How to set hash tags correctly for a uuid key stored as byte array in Redis


As per Redis documentation hashtags could be used to force assign keys to the same hash slot. I have a use case where we are storing {UUID}Integer as a byte array in Redis where I expect only the UUID part to be used to assign a hash slot. The issue that we are facing is If the UUID contains characters 7b or 7d, it collides with { and } represented by ASCII byte values of 123 (0x7b) and 125 (0x7d) respectively which is impacting the distribution of these keys.

Eg - 7d3e4567-e89b-12d3-a456-426614174000 gets printed as {}>Eg\xe8\x9b\x12\xd3\xa4VBf\x14\x17@\x00} when stored with hashtags in Redis.

Is there a way to escape the characters in UUID for hash slot calculation to work correctly or is there any other workaround?


Solution

  • There is no way to tell Redis that a 7b or a 7d byte is not a curly bracket.

    The only way around this problem that I can see is to encode the UUIDs differently.

    I assume that you care about encoding speed and memory consumption. Currently, you are using 16 bytes per UUID which is optimal.

    You can use Base64 encoding to avoid the problem. it would require one byte per 6 bits, hence 22 bytes per UUID.

    Another option would be to use a custom encoding: every 7 bits are converted to a character 00..81 except 7b and 7d.
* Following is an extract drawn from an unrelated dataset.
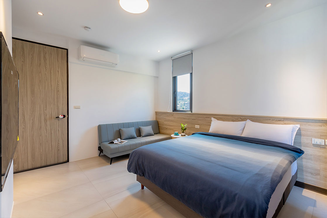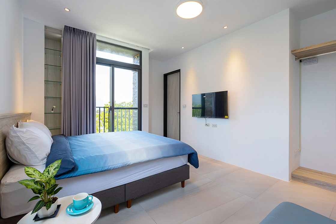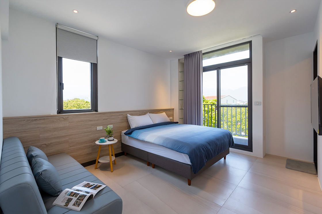 房間設計延續了簡約與自然的調性,提供二人、四人房型選擇。每間房型皆設有陽台,旅人可享受綠意與星空。

The encoding is relatively simple - you'll have to extract 7 bits at a time and replace 7b with 80 and 7d with 81. It would require one byte per 7 bits, hence 19 bytes per UUID.

    Another possible encoding is to add 2 bytes to the UUID. Now you have 16 bytes + 16 bits. Set these 16 parity bits to 0. Next, for each of the 16 bytes: if it is 7b - replace it with 7a and set the matching parity bit. If it is 7d - replace it with 7c and set the matching parity bit. However, there is a problem with this encoding: the two added bytes could become 7b or 7d. To avoid it - add 3 bytes instead and divide the 16 parity bits between these 3 bytes, avoiding the most significant bit of each of these bytes. You can further optimize: for each UUID byte: if (byte & 0x01 == 0) { byte |= 1; set matching parity bit }

    More sophisticated encodings could reduce this number to 17 bytes per UUID but would be slower to compute.

    Another option to consider: If you are generating these UUIDs you can simply avoid generating UUIDs that contain 7b and 7d.